LineWise — OEE Decision Support for Damm Canning Lines

HackDAMM 2026 entry. A decision-support layer for production planning on Damm's lines 14, 17 and 19 at El Prat. LineWise enriches Damm's existing theoretical planning (Blue Yonder) with evidence from what actually happened: it enforces hard physical constraints, flags historically-toxic SKU transitions, predicts weekly OEE, and gives planners a risk-banded view of any urgent-demand insertion.

TL;DR — the value, in three claims that survive scrutiny

  1. Three parallel data-rules catch 33% of urgent-demand insertion options as flagged (332 / 995 feasible options across 108 held-out test scenarios), on top of the format-compatibility safety net.

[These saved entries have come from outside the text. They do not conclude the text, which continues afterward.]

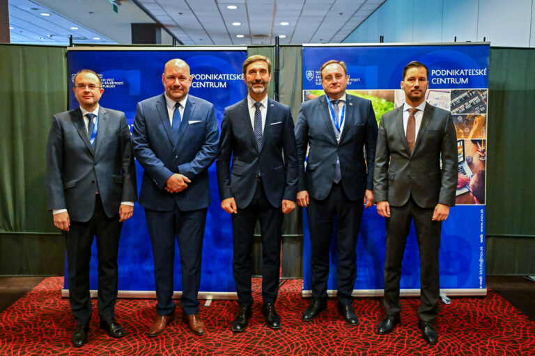 Sprava: Predseda Rady slovenských exportérov Lukáš Parízek, štátny tajomník Ministerstva hospodárstva SR Vladimír Šimoňák, minister zahraničných vecí a európskych záležitostí SR Juraj Blanár, minister cestovného ruchu a športu SR Dušan Keketi a štátny tajomník Ministerstva zahraničných vecí a európskych záležitostí SR Rastislav Chovanec počas 4. ročníka najväčšieho podujatia ekonomickej diplomacie na Slovensku pod názvom Exportné fórum 2024 v Žiline, ktorého ústrednou témou bolo 20 rokov členstva SR v Európskej únii - záruka trvalo udržateľného rozvoja Slovenska. Žilina, 8. október 2024. Foto: SITA/MZVaEZ SR
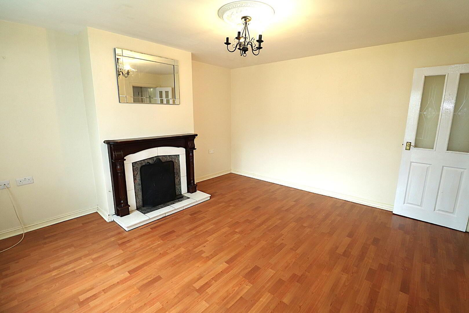 LIVING ROOM 4.20m x 4.00m Laminated floor, vertical blinds, double radiator, open fire with mahogany surround, tiled inset and hearth.
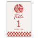 Ta med dig en charm till din pizzatematade firande med de här Segce Slice Baby-bordsnumren. Designade med illustrationer av roligt, klassiska röda och vita checkar och fet och lättläst typografi hjälper de gästerna att hitta sina platser samtidigt som du behåller din décor på temat. Anpassadets fullständiga ordalydelse och siffror gör dem till perfekt för babyduschar, födelsedagar, bröllop eller alla pizzavängningar.
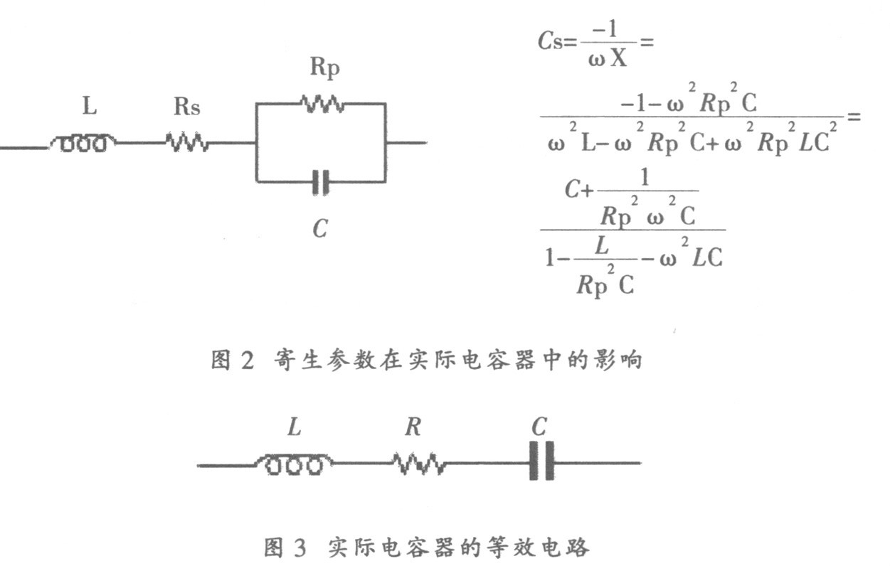 當我們進行電容器測量時, 必須考慮這些寄生量。阻抗測量儀器使用串聯模式(Cs-D、Cs-Rs)或并聯模式(Cp-D、Cp-Rp) 來測量電容。由于寄生參數的存在, 造成所顯示的電容值并不總是等于實際電容值C。例如, 當使用Cs-Rs 模式測量圖1 所示的電容器電路時, 顯示的電容值用圖2的復雜公式表示。只有當Rp 值足夠高, 并且L 的電抗可以忽略時, Cs 才等于Co。在高頻區能看到L 的影響, 在這種情況下就不能忽略L。對于高值電容器, 與C 值并聯的電抗遠低于Rp。對于低值電容器, Rp 本身就很高, 所以, 大多數電容可用圖3 表示。
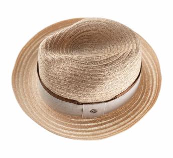 Deze Player hoed van abaca charmeert door zijn lichte, luchtige, soepele en sterke materiaal, perfect voor het seizoen. De sobere trimmen combineren linnen met een hoedenband in verouderd lederlook in chocoladetinten, wat precies de juiste warmte toevoegt aan dit verfijnde en elegante geheel.
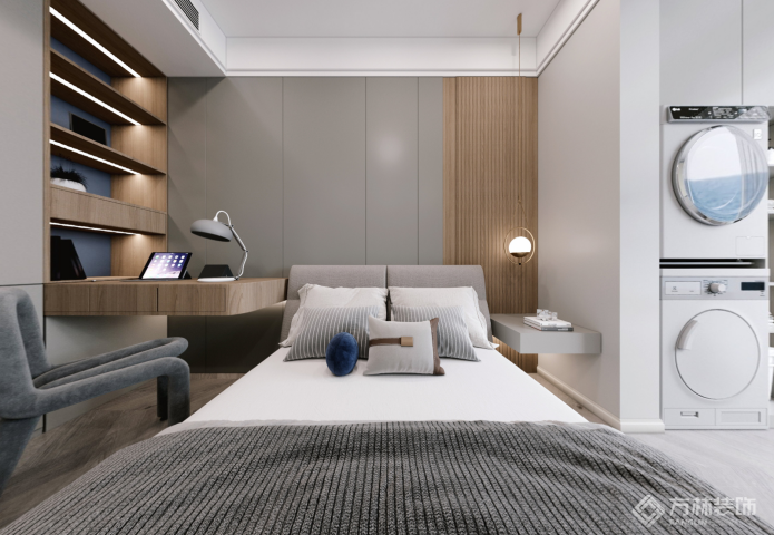 设计理念:放松下来沉思,与内心对话。城市现代化的高速发展,人们精神上现代性的迅速转换,造就“栖居远逝”的困境,个人生活的迁徙不定,使现代心灵无处依托,在喧嚣中拥有一方守静之地,似已成为每个城市人的期待。伊派设计意在为居住者打造一种沉稳而内敛,低调的宁静感,从细节处为居住空间注入艺术的氛围
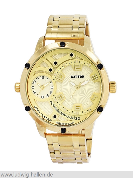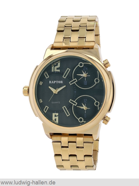 RAPTOR RA20388-004 4068532021517 / Modell Lucius, Metallgehäuse mit Edelstahlboden (Durchmesser 53 mm, Höhe 14 mm), Mineralglas, Edelstahlband mit Faltschließe und Sicherheitsdrückern (Breite 26 mm), 3 Zeitzonen, Leuchtzeiger, 3 bar wasserdicht, Gesamtlänge 25 cm / 59.95 €uro
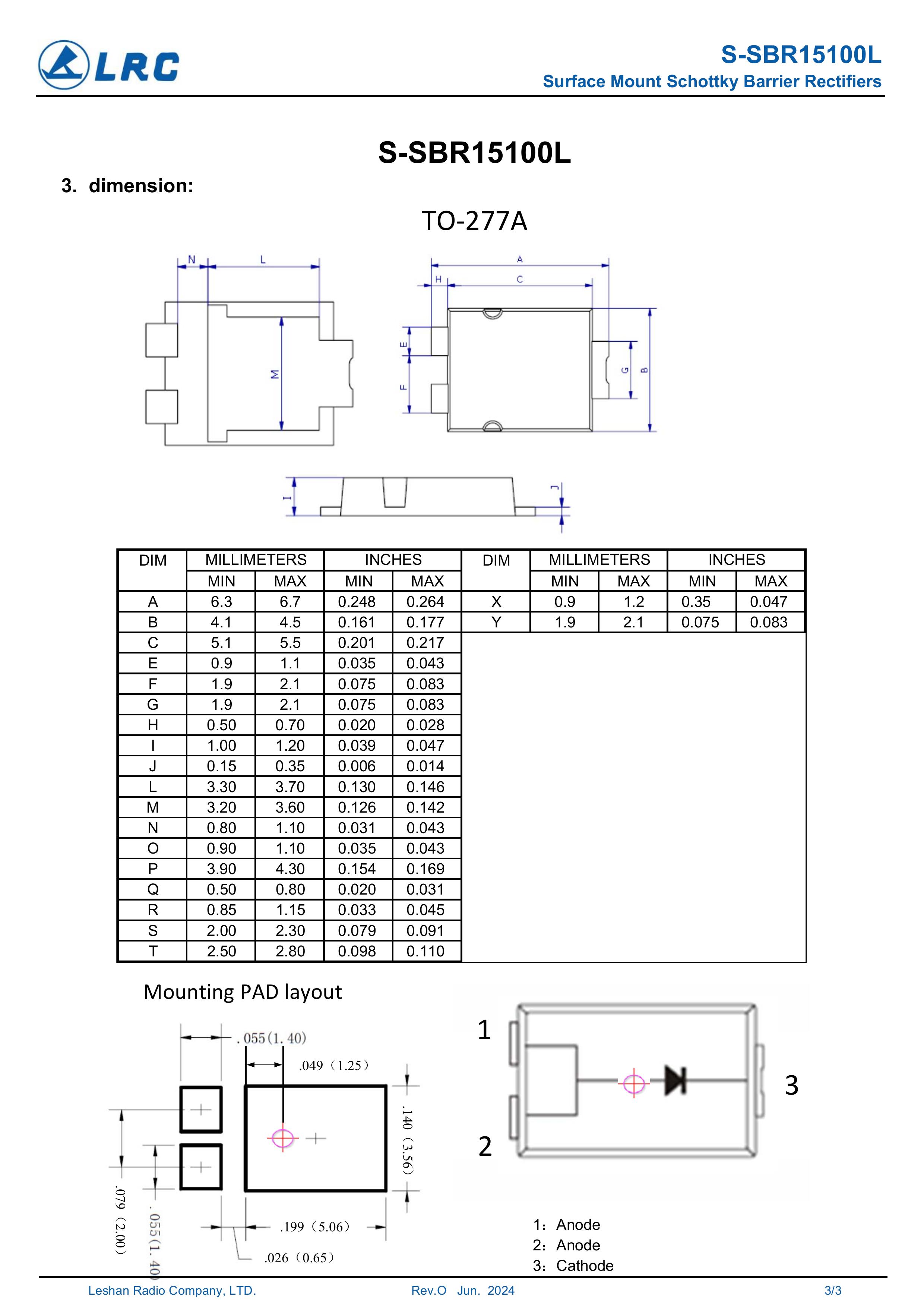 LRC/乐山无线电 S-SBR15100L/S1510L 全新原厂原装高频中低压功率整流管车规级LOW-VF低压降肖特基15A、100V,小体贴片封装车规级低压降肖特基二极管:S-SBR15100L/S1510L;反向耐电压:100V;正向平均电流:15A;正向压降VF:0.7V;反向恢复时间Trr:5ns;芯片结温:-55℃~150℃;封装方式:TO-277;最小包装数量:3000pcs/盘-编带。
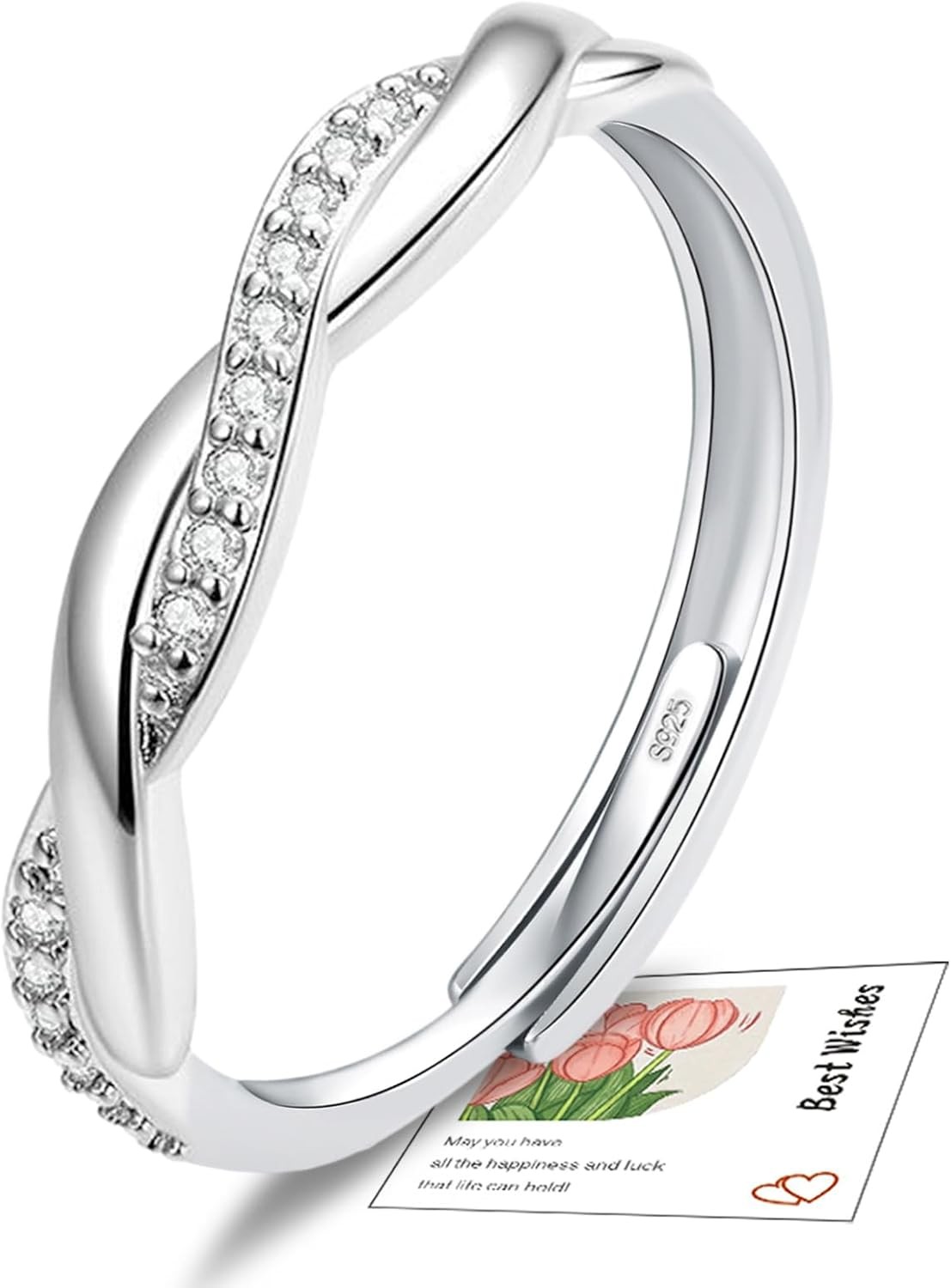 TOUPOP Infinity Rings 925 Sterling Silver Rings for Women I Love You Ring with Crystal Jewellery Gifts for Women White Gold Plated Adjustable Ring for Girls Mum (Blue crystal)
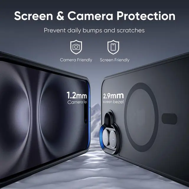 Screen & Lens ProtectionOur fits Magsafe Case for iphone 16 has 2.9 mm camera lips and 1.2 mm screen lips that help your phone avoid rubbing against surfaces that leave permanent scratches.
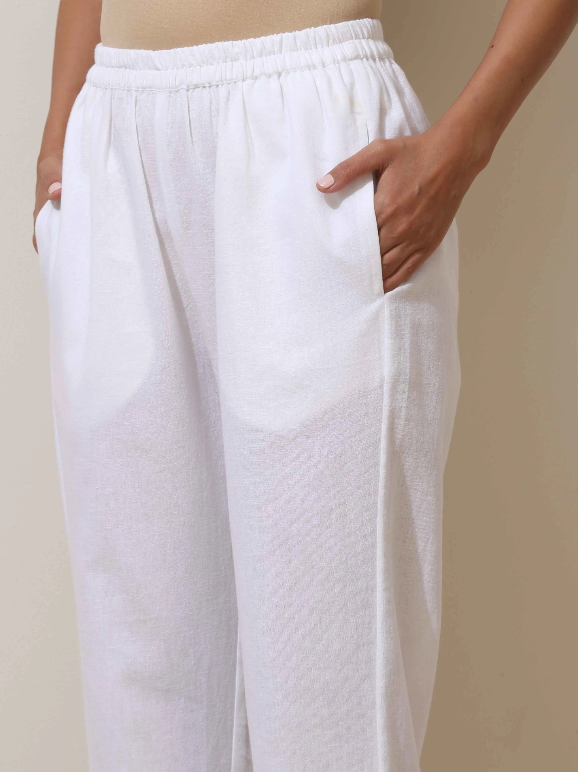 trueBrowns White Cotton Linen Kurta Pant Set - XS

The flags are split across (a) historically bottom-decile OEE pairs, (b) pairs whose actual changeover is ≥1.5× line median, and (c) cross-format insertions on multi-format lines. In 26% of scenarios there is no clean option across any line — the system tells the planner "pick the least-bad option" with reasons. (reports/urgent_demand_backtest_summary.txt)
  2. The weekly OEE forecaster predicts next-week 4-wk trailing OEE per line at R² = 0.82 — a calibrated capacity signal at the level the data supports. (models/framing_comparison.png)
  3. Annualised soft-rule value range: €49k–€99k per year across 3 lines (planner-time only; the HARD format check is excluded from this number because Blue Yonder is assumed to already enforce it — see "Why not just Blue Yonder?" below).

The daily run-level OEE model (R² ≈ 0.40, MAE ≈ 0.10) is deliberately not the headline. We tested it two independent ways on held-out data:

  • Predicted-lift backtest: 95% CI on within-day reordering lift is [-0.0016, +0.0023] — statistically rules out any meaningful daily reordering effect.
  • Realised-OEE agreement backtest: no significant correlation between optimizer agreement and realised OEE (p = 0.17).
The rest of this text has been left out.